● **Requirement**:
In the records below, find the line with "Месяц назад Лансер", then copy each line exactly until you have copied the line with "曲の後半には全員がステージに". Leave any picture out.
↓↓↓
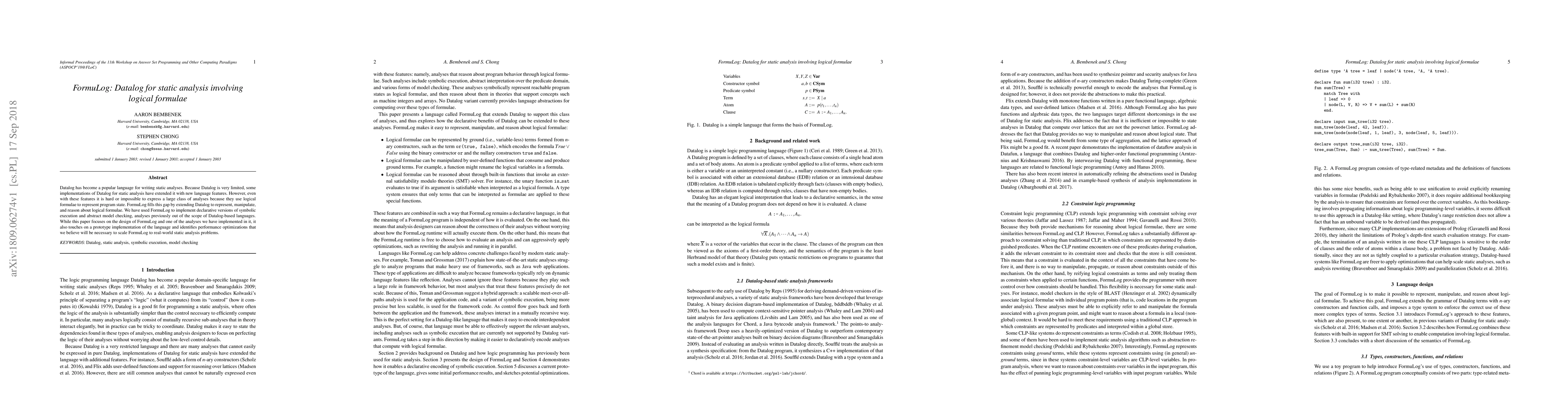 FormuLog extends Datalog to incorporate logical formulae, enabling the representation and manipulation of complex program states. This extension allows for the implementation of advanced static analyses like symbolic execution and abstract model checking, previously unattainable with Datalog.
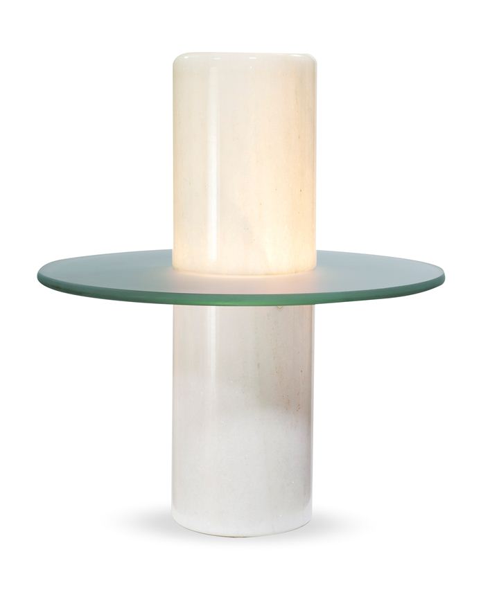 Grande lampada da tavolo composta da due elementi in marmo bianco e disco in vetro acidato di forte spessore.
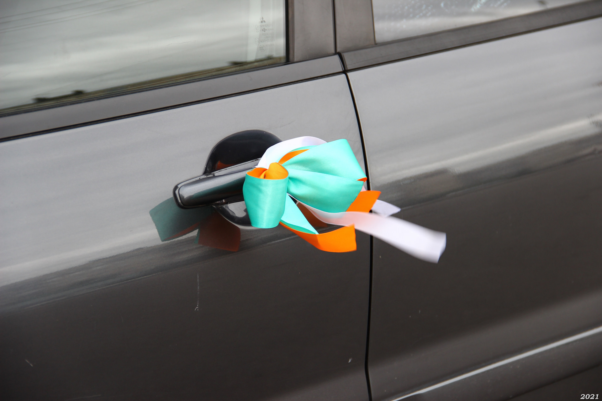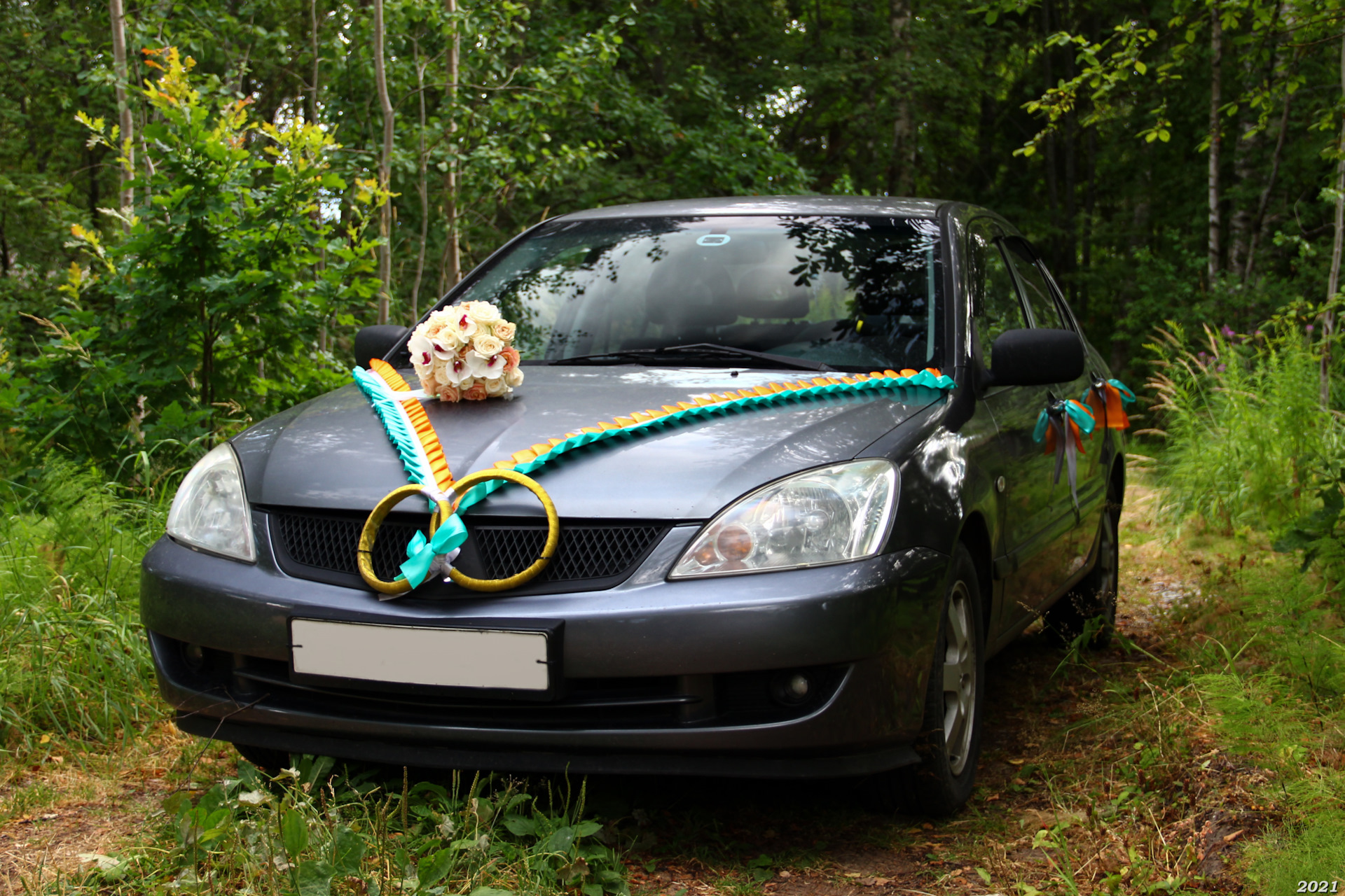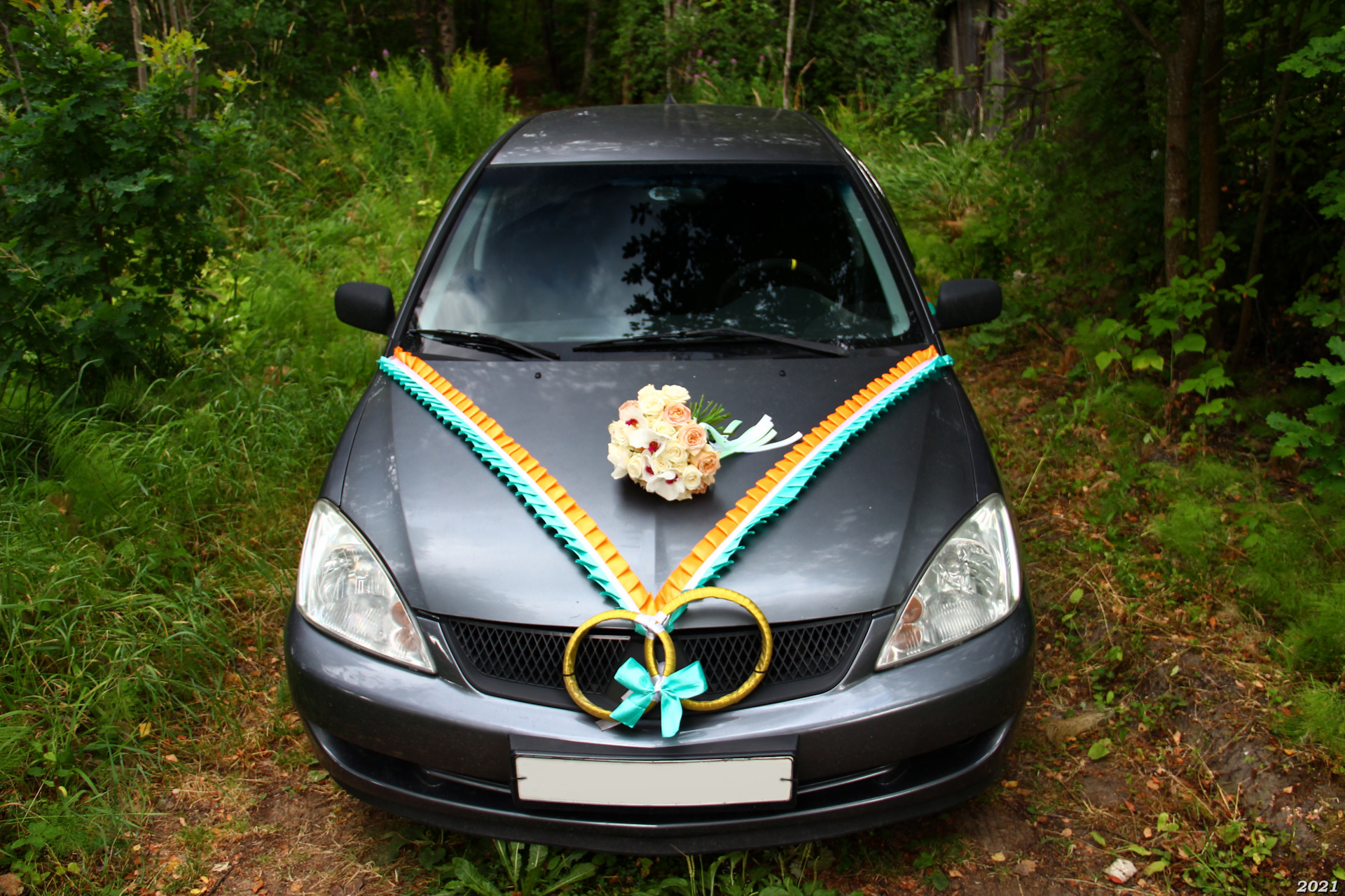 Месяц назад Лансер активно поучаствовал в важном событии — моей свадьбе. Пару дней он покрасовался наряженный в свадебные украшения моего собственного изготовления — лентах и кольцах) Цвет лент под цвет платья невесты с контрастным оранжевым. Кольца мягкие, безопасные.
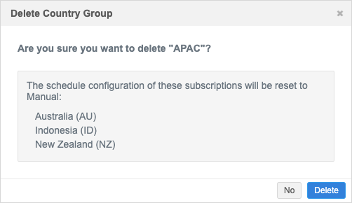 Groups can be deleted from the OpenData Subscriptions page. When a group is deleted, the countries in the group are reset to run manually.
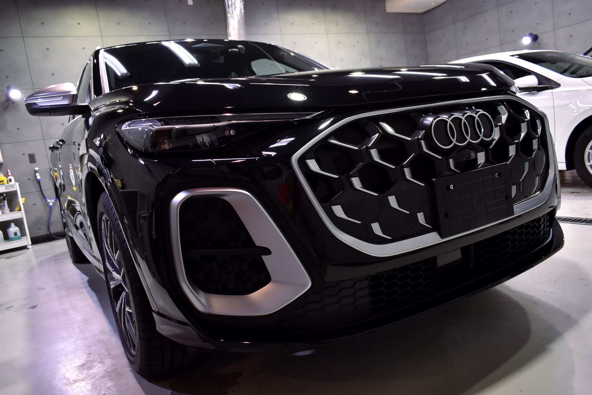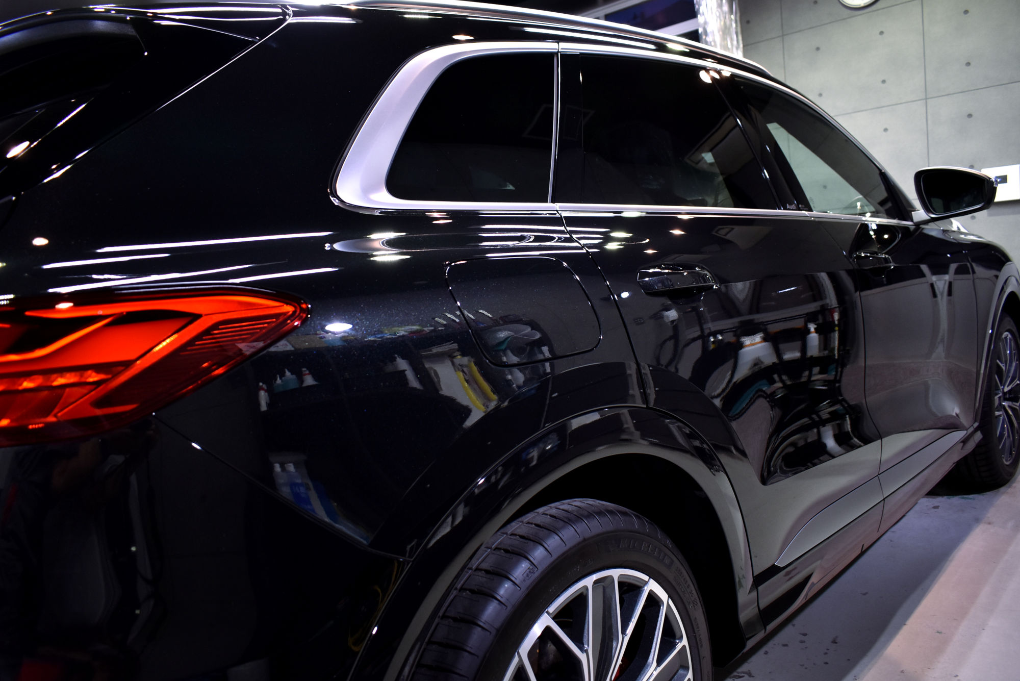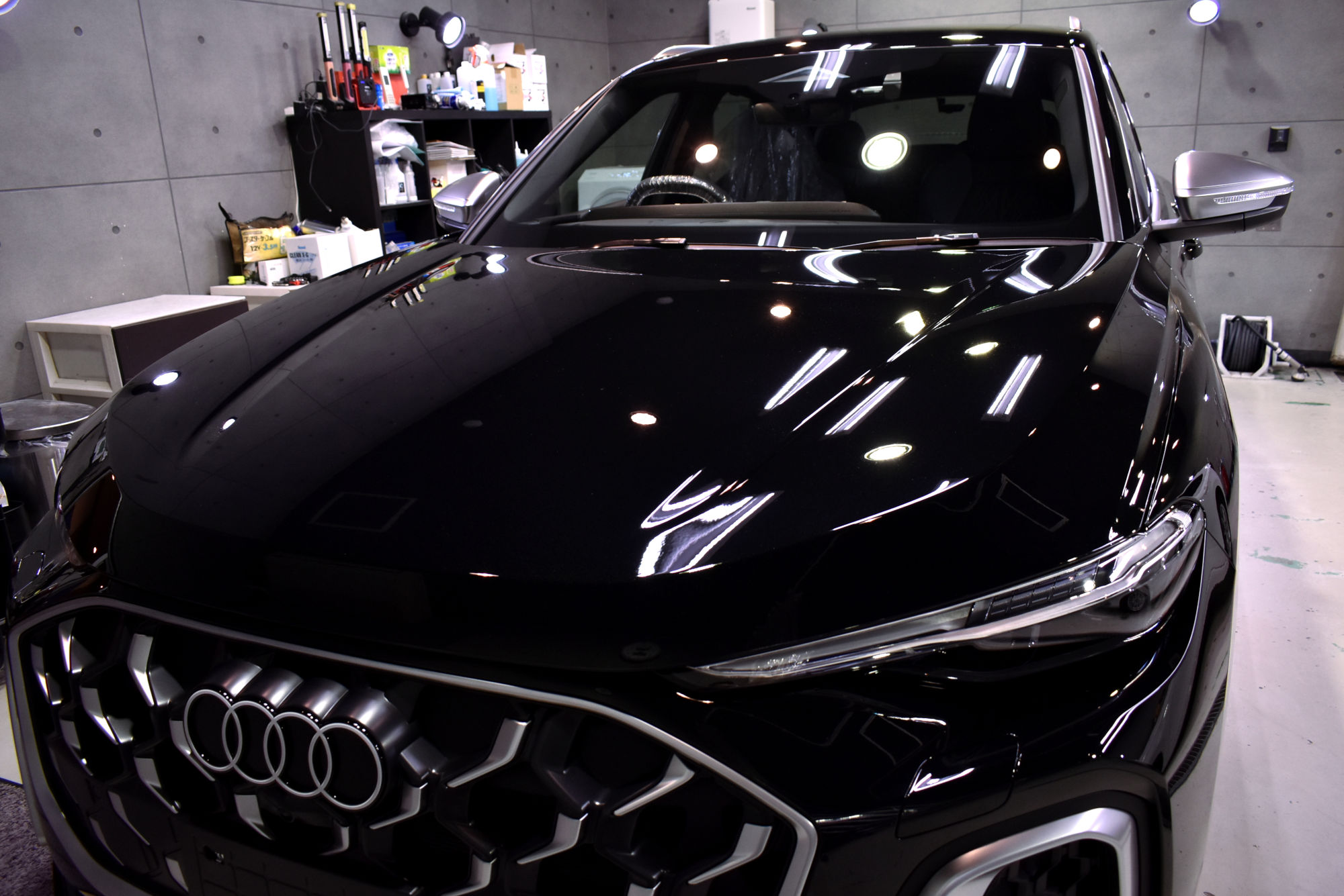 施工につきましては新車でのご入庫で、塗装面の状態も良好でしたので、極々軽い研磨作業で下地処理を終えることができました。そして下地処理を終えたボディには、セラミックコーティング剤のエクストリームのベースコート剤を手塗していきます。粘性のあるコート剤をたっぷりと塗布し、作業所に設置している高輝度LED照明や専用作業灯を駆使して余剰分をしっかりとふき取る作業をボディパネルごとに行います。その後定着・硬化時間を取り、トップコート・オーバートップコートを塗布して最強のセラミックコーティング完成です。なお、こちらのトップコート2種類はドアヒンジやボンネット・バックドアの内側にも塗布しておりますので、汚れの付着を低減しオーナー様による普段の洗車を容易にいたします。
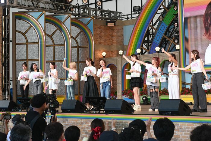 曲の後半には全員がステージに登場。夏の終わりを惜しむように腕を大きく左右に振ってステージを盛り上げ、今度はステージ上から客席にサインボールを投げ入れて最後の交流を楽しみました。
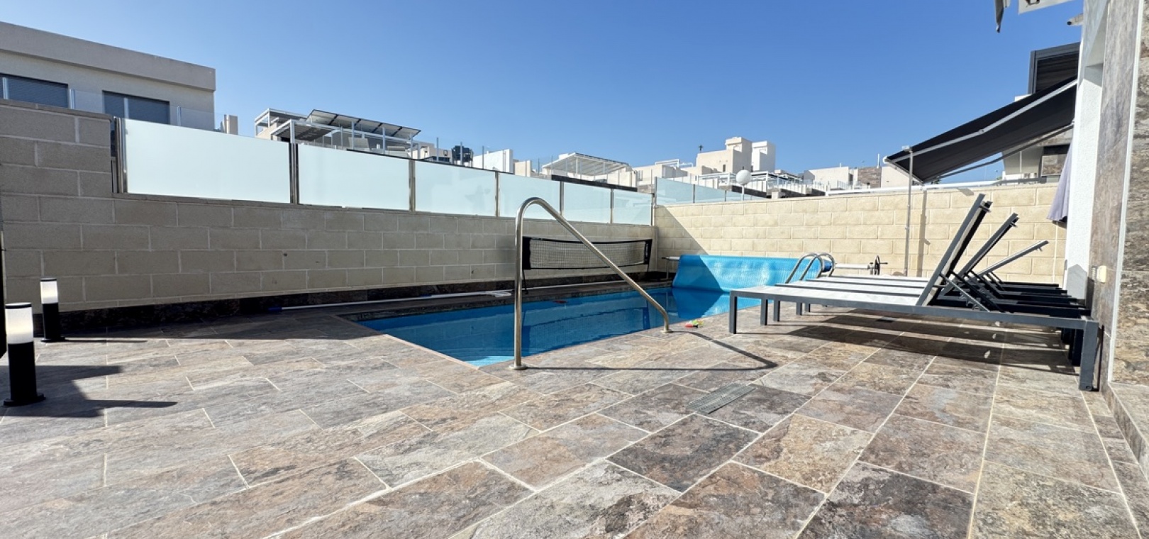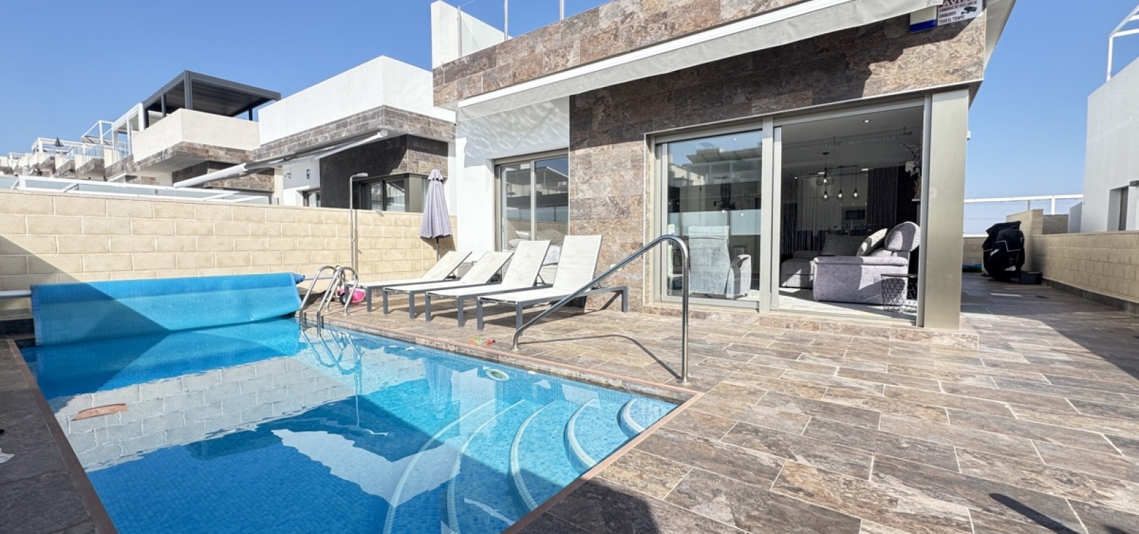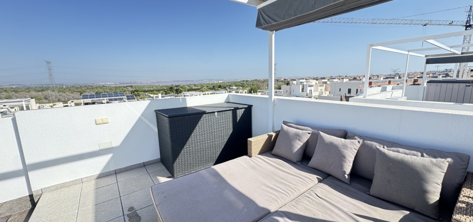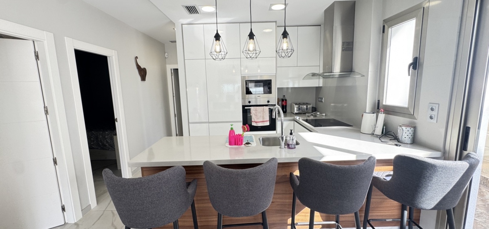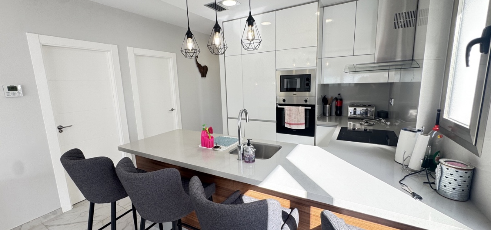 Ruime onderbouw – Inclusief 2 slaapkamers, 2 badkamers, een woonkamer en een bijkeuken – ideaal voor gasten, familie of om een eigen suite te creëren. Privézwembad en tuinen – Geniet van zonnige dagen en ontspan bij uw zwembad, omringd door prachtig aangelegde tuinen. Groot dakterras – Geniet van het adembenemende panoramische uitzicht op de roze meren van Torrevieja , een werkelijk unieke natuurlijke omgeving. Buitenkeuken en barbecueplek – Ideaal om gasten te ontvangen en te genieten van het buitenleven. Licht en luchtig ontwerp – Overvloedig natuurlijk licht vult elke hoek van dit moderne huis. Open woonkamer – Een ruime woonkamer en eetkamer sluiten naadloos aan op een strakke, volledig uitgeruste moderne keuken.
↑↑↑
● **Solved exercise**:
 Месяц назад Лансер активно поучаствовал в важном событии — моей свадьбе. Пару дней он покрасовался наряженный в свадебные украшения моего собственного изготовления — лентах и кольцах) Цвет лент под цвет платья невесты с контрастным оранжевым. Кольца мягкие, безопасные.
 Groups can be deleted from the OpenData Subscriptions page. When a group is deleted, the countries in the group are reset to run manually.
 施工につきましては新車でのご入庫で、塗装面の状態も良好でしたので、極々軽い研磨作業で下地処理を終えることができました。そして下地処理を終えたボディには、セラミックコーティング剤のエクストリームのベースコート剤を手塗していきます。粘性のあるコート剤をたっぷりと塗布し、作業所に設置している高輝度LED照明や専用作業灯を駆使して余剰分をしっかりとふき取る作業をボディパネルごとに行います。その後定着・硬化時間を取り、トップコート・オーバートップコートを塗布して最強のセラミックコーティング完成です。なお、こちらのトップコート2種類はドアヒンジやボンネット・バックドアの内側にも塗布しておりますので、汚れの付着を低減しオーナー様による普段の洗車を容易にいたします。
 曲の後半には全員がステージに登場。夏の終わりを惜しむように腕を大きく左右に振ってステージを盛り上げ、今度はステージ上から客席にサインボールを投げ入れて最後の交流を楽しみました。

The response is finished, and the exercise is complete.